- Directed by: H.E. Amjad khan
- Written by: Bhaswati Chakrabarty
- Screenplay by: Bhaswati Chakrabarty
- Produced by: Sanjay Singhla Preeti Vijay Jaju
- Starring: Reem Shaikh Atul Kulkarni Divya Dutta Om Puri Arif Zakaria
- Cinematography: Madhu Rao Javed Ethesham
- Edited by: Praveen Angre
- Music by: Amar Mohile
- Production company: Tekno Films
- Distributed by: Pen Studios
- Release date: 31 January 2020;
- Running time: 130 minutes
- Country: India
- Languages: Hindi Urdu

= Gul Makai =

Biographical film based on Malala Yousafzai

Gul Makai is a 2020 Indian biographical drama film directed by H.E. Amjad Khan, written by Bhaswati Chakrabarty, and produced by Techno Films. The film is based on the life of Malala Yousafzai, a Pakistani activist for female education and the youngest ever Nobel Prize laureate.

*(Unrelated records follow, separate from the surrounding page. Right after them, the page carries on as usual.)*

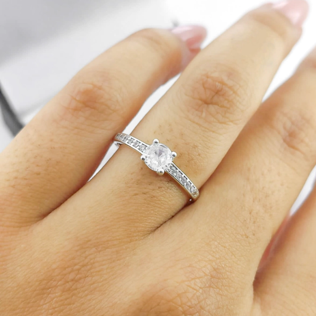 Anel solitário cravejado carrega toda a elegância e sofisticação que voce procura, o presente perfeito pra quem voce ama, o anel IDEAL pro pedido de casamento perfeito, feito em prata 950, 12 pedras em zircônia cravejadas a mão nas laterais e uma pedra também em zircônia central!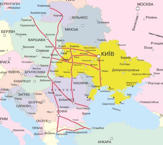 В Україні магістраль проходитиме через Львів, Мостиська, Тернопіль, Чернівці, Луцьк, Ягодин, Рівне, Житомир, Вінницю, Коростень, Умань, Одесу, Київ.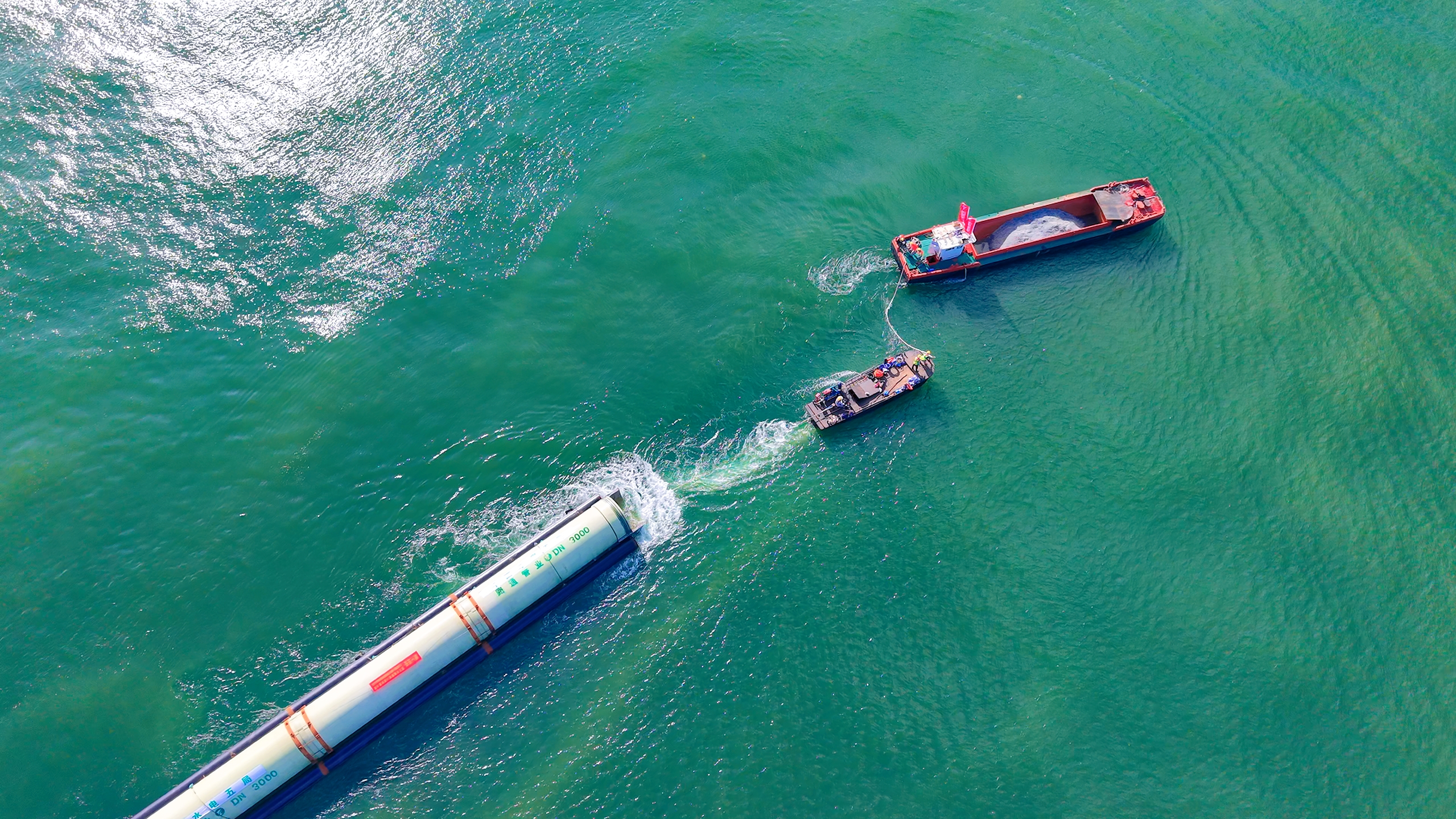 為解決“水下接頭多、浮運難度大”的問題,項目經過多方調研和細致研究,創新提出了“陸上拼接,海上伺機而動”的十字方針。他們將12米一節的管道,通過“管道接頭加固+整體拼裝”的措施,在陸地連接成5節60米的“超長單元”,并采用專用鋼制抱箍加固接頭,提升套筒接口的整體性與抗拉性能,等待風平浪靜的最佳時機將這“鋼鐵巨龍”拖入海里。對于浮運難題,項目引入“助浮鋼管+雙船牽引+實時姿態監測”技術,在保障長段管道海上移動穩定性的同時,確保管段精準沉放。這套方案不僅縮短了水下作業時長,更降低了施工對海洋環境的臨時干擾。
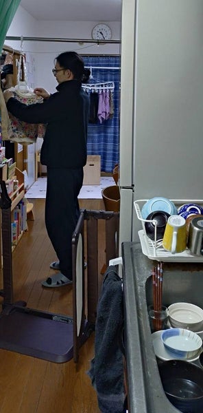 流し台には、これから洗う食器。その奥で、夫は洗濯物を干しています。別々の家事が、同時に進んでいる。この光景が、わが家の「とも家事」です。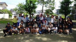8グループに分かれてゲームスタート。朝からとても暑い一日になりましたが、子ども達は「久津会」の方々に打ち方を教えてもらいながら、楽しくプレーしていました。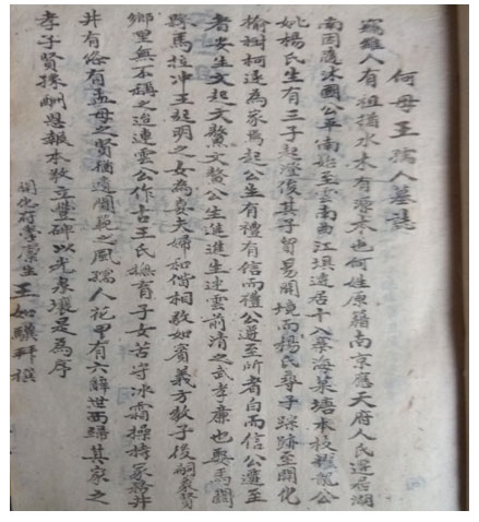 此墓在清嘉庆年间曾经立过墓碑,估计是原碑石与何沛祖、何澄祖、何有富祖等墓碑一样,只有简单的立碑时间和子孙姓名,并没有祖源信息,所以民国四年(1915)文山何氏九世祖何冰清(何砚生)重新为祖母立碑,并请请晚清光绪二十九年(1903)癸卯年春特授开化府教谕沈宗舜撰写碑文。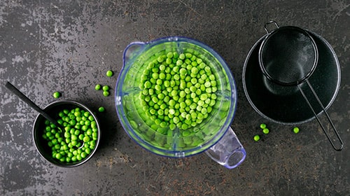 2 EL Erbsen zur Seite stellen. Die restlichen Erbsen mit dem Wasser in einen leistungsstarken Mixer geben. Pürieren und die Flüssigkeit durch ein sehr feines Sieb in eine Schüssel abseihen.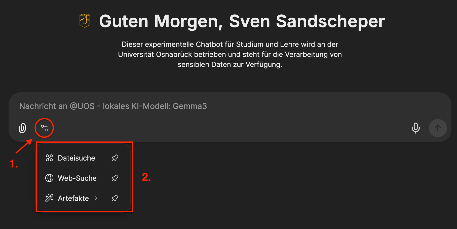 Angehörige der Uni Osnabrück können in kiwi auf an der Uni betriebene Open-Source Sprachmodelle zugreifen. Die eingegebenen Daten werden nicht an externe Anbieter weitergegeben und somit auch nicht weiterverarbeitet. Das bringt den Vorteil mit sich, dass in diese Modelle auch sensible Daten (wie bspw. personenbezogene Daten oder Werke Dritter) eingegeben werden dürfen, solange keine Werkzeuge aktiviert sind. Dann werden ggf. dennoch Daten weitergegeben, sodass keine sensiblen Daten eingegeben werden dürfen.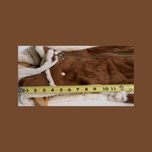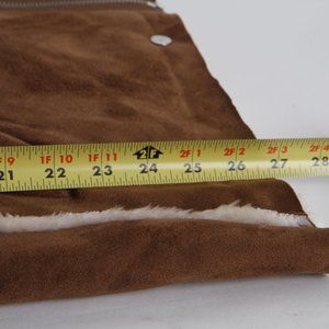 A brown faux suede and cream faux fur vest. Very soft lining. Designed with zippered side pockets. See all photos for additional description.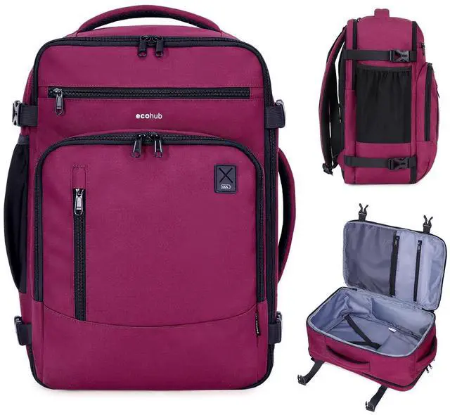 • SAY NO TO BAGGAGE FEES: The ECOHUB 25L Carry On Bag is perfectly sized to meet United Airlines' personal item requirements. Measuring 17" x 10" x 9" and weighing just 1.6 lbs, it fits neatly under the seat. Its also compatible with Spirit, Frontier, EasyJet and many other airlines. (Patent Pending)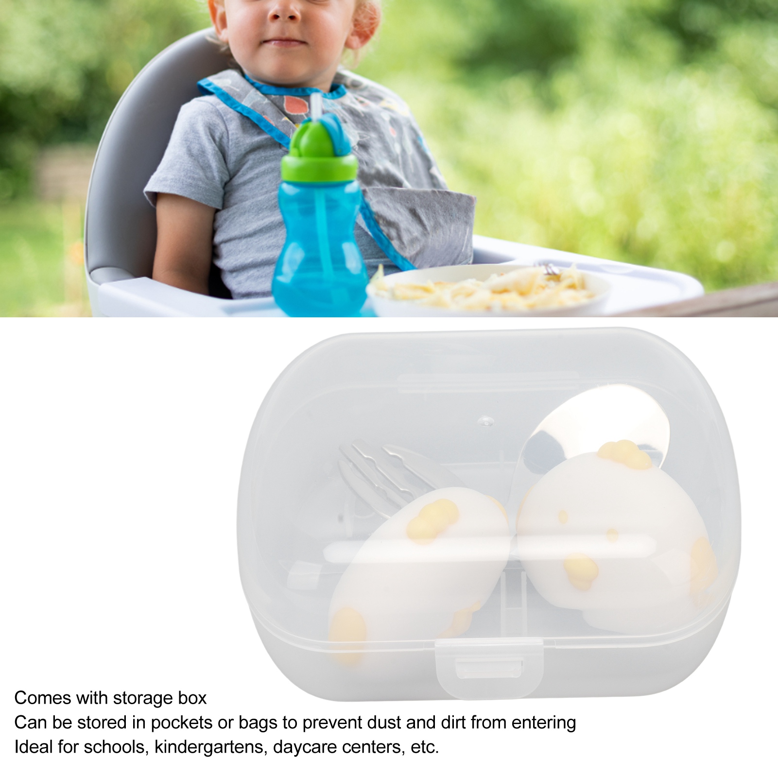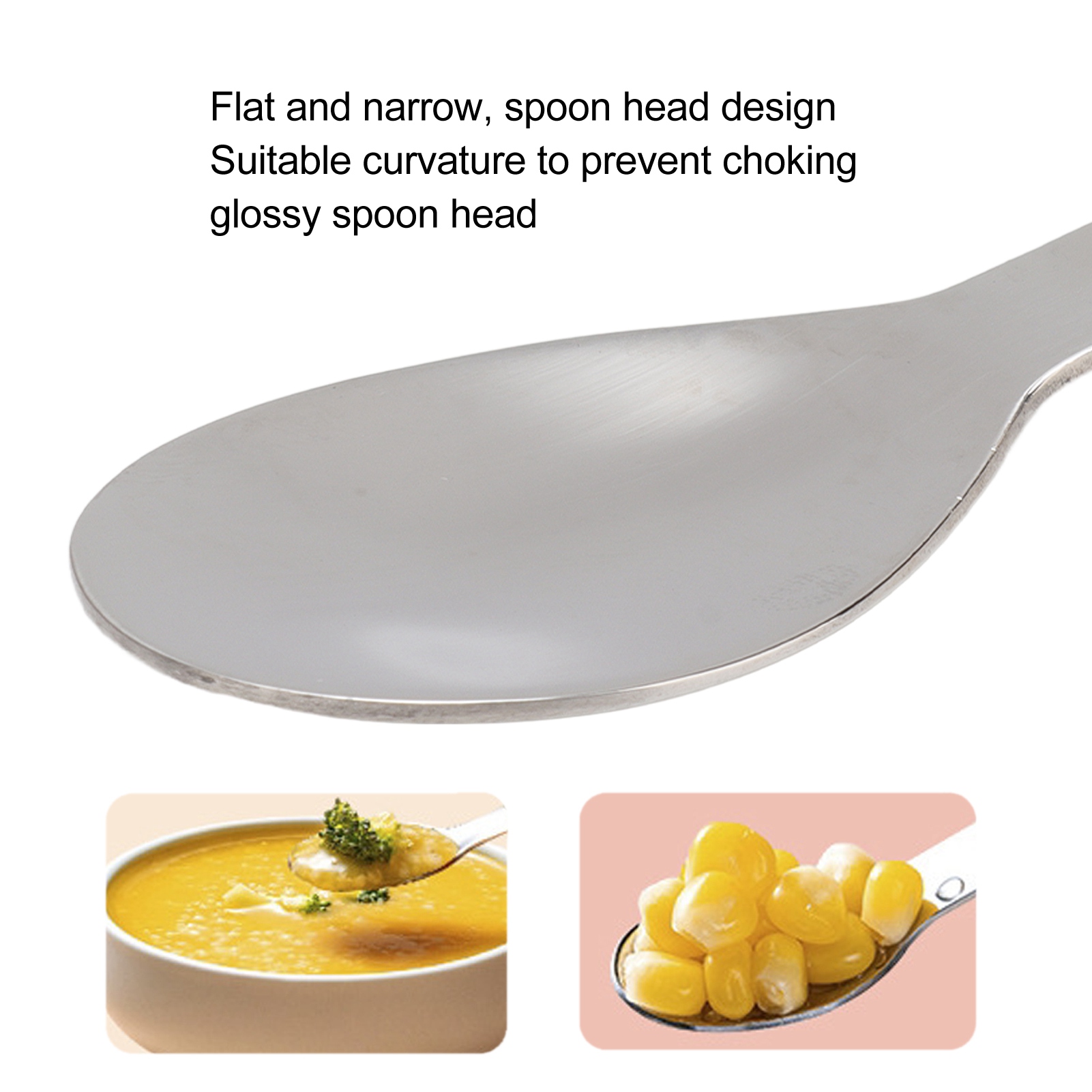 1、Flat: The spoon head is designed to be flat and narrow, glossy, with the right curvature to prevent choking and easy for your baby. 2、Stainless Steel: Toddler utensils are made of drop proof and durable stainless steel, sturdy and drop resistant, safe and durable, and can be used for a long time. 3、Humanized Design: This set of spoons has a humanized fork head design with shorter distance between the fork tines, making it easier to fork food. 4、Easy to Carry: The baby tableware spoon and fork set comes with its own storage box, which can be stored in a pocket or bag to prevent dust and dirt from entering, convenient for travel and school lunch box. 5、Applicable Scenarios: Toddler forks and spoons can always accompany your baby to learn to eat independently, perfect for schools, kindergartens, daycare centers, etc.

Reem Shaikh portrays Malala Yousafzai in the film, which also features Om Puri in his final acting role. The film was released on 31 January 2020.

== Plot ==
The film portrays the life of Malala Yousafzai, focusing on her experiences in the Swat Valley of northwestern Pakistan and her advocacy for education rights, particularly for girls and women.

In 2009, the Taliban took control of the Swat Valley and imposed strict restrictions, including banning girls from attending school. During this period, Yousafzai began writing under the pseudonym "Gul Makai" for the BBC Urdu website, where she documented the challenges faced by girls in accessing education under Taliban rule.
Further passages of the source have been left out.